Strona 2 z 2

Salomonek...............

: czw lip 22, 2004 8:20 am
autor: sachma
poslucham Krwiopijki... gadalam z Luge. Ma dwie samiczki... wazne ze nie sa albinoskami... kolejne spojzenia w rubinowe oczka za bardzo by mi to wszystko przypominaly... w sumie postaralam sie zapomniec o wtorku... pamietam jak przywiozlam malego do domu :) jej jaka ja byla szczesliwa :) byl taki piekny i kochany :) ale nie moge wiecznie patrzec sie w pusta klatke i plakac... postanowilam ze jeszcze w tym tygodniu chce miec kolejnego domownika... juz ustalone... w piatek chce go odebrac... i pierwsze co zrobie to jade do weta... na kontrole... moj chlopak powiedzial ze troche czuje w tym histerii, ale ze skoro mnie to uspokoi to pojedzie ze mna....
dlugo sie zastanawialam co teraz zrobic... i czy jak kupie kolejnego malac to po to by zapomniec czy po to zeby przelac uczucia na kolejne zwierzatko.... wydaje mi sie ze nie robie tego zeby sie pocieszac po stracie Salomona... chce miec zwierzatko, ktore bede mogla tak samo pokochac jak Sala... i wydaje mi sie ze bedzie mu u mnie dobrze... dzis wieczorem mam dac odpowiedz czy sie decyduje na mala....
musze przyznac ze przez ten tydzien nawet moi rodzice przyzwyczaili sie do Sala... gdy mowilam ze chce kupic nastepnego szczurka juz sie nie krzywili tylko spytali sie "kiedy?" chcieli zebym wziela kolejnego albinosa, zeby sie przelamac... ale jakos mi to nie w smak... na albinosa to sobie jeszcze dlugo poczekam ... jak narazie widok czerwonych oczek sprawia ze w oczach staja mi lzy.. ale niedlugo bedzie kolejny ogonek ktoremu bede musiala zapewnic czulosc i dobre warunki :) i to mi sie napewno uda :) wierze ze pozyje dluzej niz Sal i ze bedzie tak samo odwzajemnial uczucia :)

Salomonek...............

: czw lip 22, 2004 10:09 am
autor: Beeata
Sachma ,moja rada to ...wez od razu 2 dziewczynki.
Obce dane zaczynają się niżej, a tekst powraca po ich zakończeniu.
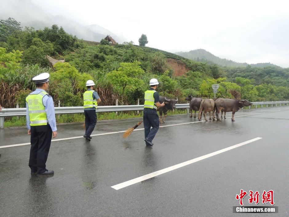 5月27日下午,在车辆飞驰的长深高速公路上(浙闽两个收费站中间),五头无绳牵绊的大水牛在高速公路上四处瞎晃,过往车辆纷纷避让,情形非常危险。接到报警后,浙江高速交警丽水五大队民警赶到现场,做起了跨省赶牛的“放牛娃”,将五头大水牛赶拢到一起,“后方警车预警,前方交警赶牛”的画面令过路驾驶员纷纷侧目。中新社发 胡丰盛 摄

Finansowo wcale cie to bardziej nie obciazy ale szczurki beda szczesliwsze.Ja do dzisiaj za przeproszeniem sobie w brode pluje ,ze nie zrobilam tego 1.5 roku temu. Nie jestesmy w stanie zastapic szczurowi szczurzego kolegi czy kolezanki.One sa wtedy naprawde szczesliwsze. Wezmiesz szczurka z domu,nie ze sklepu a to duzy plus. Gdyby z malymi bylo cos nie tak Luge z pewnoscia by ci powiedzial ,bo przeciez ma je na co dzien na oku,wiec nie ma po co isc do weta .Nie zapominaj ,ze gabinet weterynaryjny to miesce gdzie codziennie przebywa wiele,chorych zwierzat ,rozsiewajacych bakterie i wirusy.Po co kusic los?

Salomonek...............

: czw lip 22, 2004 11:44 am
autor: Ania
Sachma - upewniam się tylko, bo słowem nie wspomniałaś - wydezynfekowałaś klatkę i pokój? Jeśi tego nie zrobisz - z kolejnymi szczurkami może być podobna przygoda, niestety.

Salomonek...............

: czw lip 22, 2004 11:59 am
autor: Beeata
acha,Ania ma racje.Dobrze byloby pozyczec od kogos kwarcowke i wlaczyc w pokoju na jakies 15 minut.

Salomonek...............

: czw lip 22, 2004 12:09 pm
autor: krwiopij
albo kupic virkon u weta... powinni miec... mnie kosztowal kolo 50 zlotych, ale po smierci malego diego musialam wydezynfekowac caly dom...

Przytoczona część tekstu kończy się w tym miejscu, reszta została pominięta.